2012 - a crucial year for UK leadership in CCS

2012-04-02 12:34 by Anja Reitz

In the UK the government has spent an abortive four years on a competition for the first commercial scale CCS plant culminating in the cancellation of the chosen project at Longannet power plant. A competition for a further three projects has also been delayed.

Frustrating though that has been for all concerned, at least the government remains committed to undertake four projects and to accelerate the process of project selection.

There are plenty of lessons to be learned from the first competition and there is a commitment not to repeat the errors made. In addition, all the information generated in the engineering studies is being made available in a knowledge sharing exercise for the benefit of the industry.

At an “Industry Day” on 16th December the DECC Office for CCS laid out plans for the UK CCS programme starting with four initial projects. These projects will be supported by a combination of the £1bn previously earmarked for Longannet together with support from the UK Electricity Market Reform (EMR) through Contract for Difference Feed-in-Tariffs (CfD FiTs). They may also benefit from EU support under the NER 300 programme.

The projects will be regarded as forming a foundation for the future roll-out of CCS in the UK and will be selected partly on the contribution that they will make towards that aim. There will be an initial discussion period of two months with potential developers prior to a formal call for proposals.

In this paper I set out some of the imperatives that need to be addressed to get these initial projects established and progress to full CCS deployment.

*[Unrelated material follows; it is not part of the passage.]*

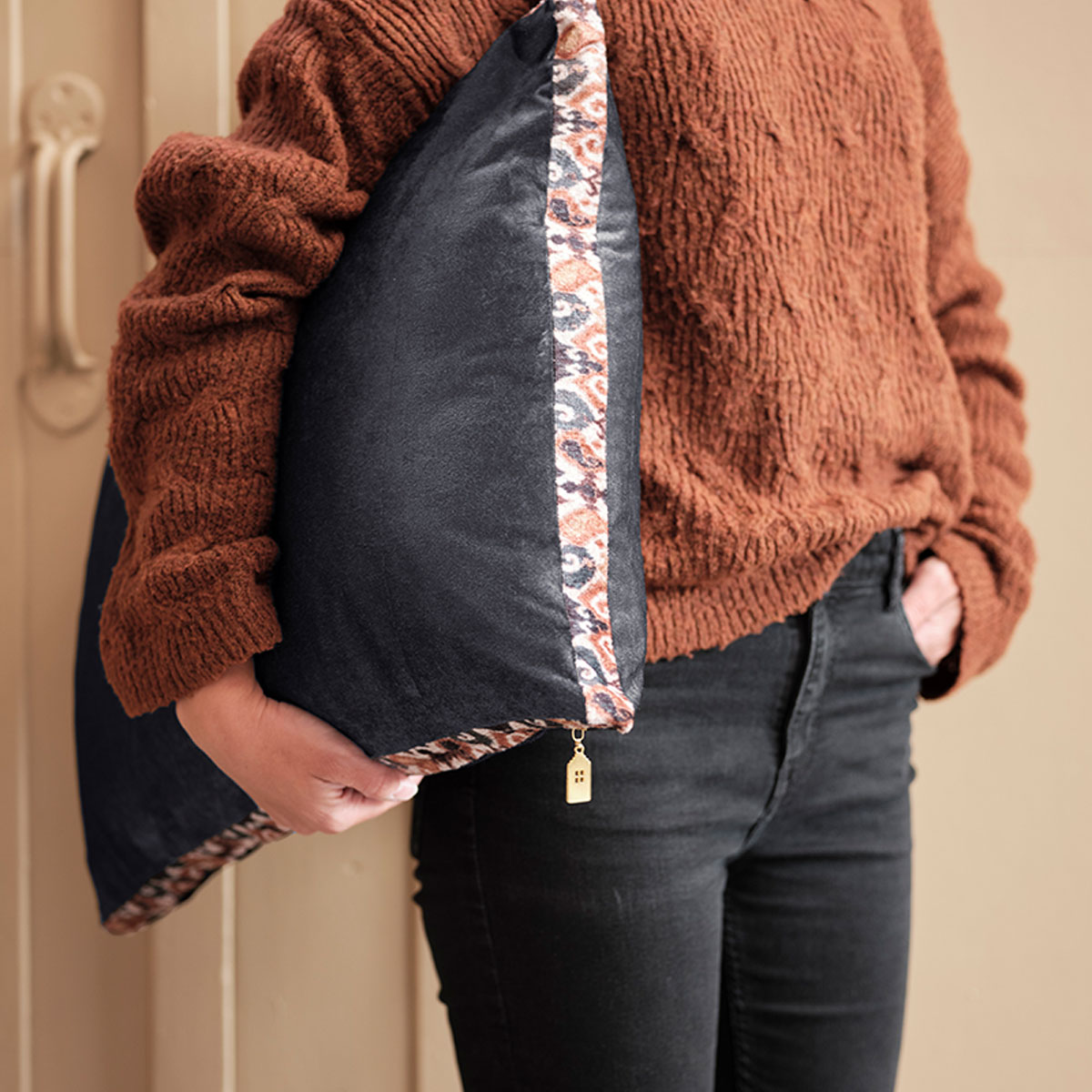 The oblong filled cushion features an elegant velvet design with a vibrant ornamental print in ethnic Ikat motifs, combining modern style with timeless appeal. It is made of high-quality polyester velvet and includes a resilient polyester inner cushion. The cushion has a decorative zipper with a golden puller shaped like an Amsterdam canal house, adding a unique touch. Its versatile size makes it suitable for various interior settings.

In 2008, the UK committed to a legally binding national target of an 80% reduction in greenhouse gas emissions by 2050. The Committee on Climate Change (CCC) has recommended as a necessary milestone the almost complete decarbonisation of the power sector by 2030. In a recent report prepared by the Carbon Capture and Storage Association (A Strategy for CCS in the UK and Beyond) we concluded that this will necessitate at least 20 to 30 GW of installed capacity of fossil fuel power plant fitted with CCS by 2030.

Decarbonisation of the power sector relying solely on inflexible nuclear and intermittent renewable energy sources is not realistic. A good proportion of complementary, reliable and flexible power generated by fossil fuel will be the key to security of supply and grid functionality and that fossil plant will need to be equipped with CCS.

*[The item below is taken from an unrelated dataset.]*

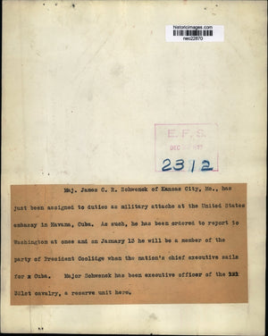 1927 Press Photo Major James CR Schwenck of Kansas City MO in Cuba - neo22870
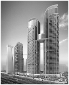 东海国际中心(公寓综合体)工程 位于深圳市福田车公庙片区招商银行大厦西侧。由两栋成45度角的塔楼及商场裙楼组成,A塔82F高308.62m,B塔75F高283.61m,框筒结构,建筑面积约22万平米,与已建成的办公楼和在建的酒店一起构成深南大道两旁最大的综合建筑群,建成后将成为深圳景观最好的顶级服务式公寓,也是深圳中心区新的地标性建筑。东海项目属超高层,楼层多,模板周转材料需求量大,其标准层(4F以上)均采用全铝合金模板施工。

The cost of generation must always be a leading factor in a market-based energy supply regime, particularly in tough economic times. From that point of view, figures published by the Committee for Climate Change and others demonstrate CCS to be highly cost-effective compared with other low-carbon technologies. The cost of CCS is very project specific and, although pilot projects and desk studies have been carried out and experience of the plant for capture, transport and storage chain exist at commercial scale, we have yet to get hands-on design, build and operational experience of full chain CCS projects on power plant. The sooner we get some momentum behind building the first CCS plants, the faster the process of technology optimisation and cost reduction can take place.